First, of course, he built some infrastructure: a water system, an airport, a golf course, and a first-class restaurant on the shores of a large artificial lake (the Christmas Valley Lodge). He knew that once all this was in place and looking great, potential buyers would see it as evidence that he was serious about developing Christmas Valley — that he wasn’t just a hustler selling chunks of useless land.

Once all this was in place, he started the hustle.

He ran advertisements that were wildly overoptimistic about the development potential of the Oregon high desert in national magazines, featuring “artist’s conception” drawings of gorgeous pastoral landscapes with stately willow trees, tidy board fences, and herds of cattle and horses. People bought parcels of Christmas Valley land, sight unseen, based on these.

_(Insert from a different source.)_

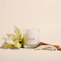 From Havyn Studios. This gorgeous candle strengthens the spirit with a deeply rooted sense of peace and confidence. Grounded base notes of Sandalwood and Musk steady the heart with a quiet confidence. Sweet Coconut fosters a sense of peace, while the delicate notes from bright petals of Honeysuckle and Magnolia serve as a refreshing reminder to look forward to the best that has yet to come. 2oz.

For bigger fish, his salesmen would fly them out to Christmas Valley in a DC-3 airliner, squiring them around to a few carefully manicured showplaces near the artificial lake and feeding them a gourmet dinner at the lodge before flying them home again, providing a carefully curated experience designed to give as glowing an impression as possible of what Christmas Valley might one day be.

As it always had, it worked like magic. Within three months Phillips had sold almost all the lots.

But this time there was a problem. He had marketed them to investors, not homeowners, and the appeal had been a sort of impulse purchase: “For $10 a month, you can own five acres in this beautiful community, that you can retire to someday when you no longer have to live in Akron or Allentown or wherever your job is.”

So thousands bought in — but dozens came to live. And of those dozens, all but a handful turned around and drove away. Some of the ones who drove away went straight to their attorneys’ offices, and soon Phillips was dealing with legal issues as well as logistical ones.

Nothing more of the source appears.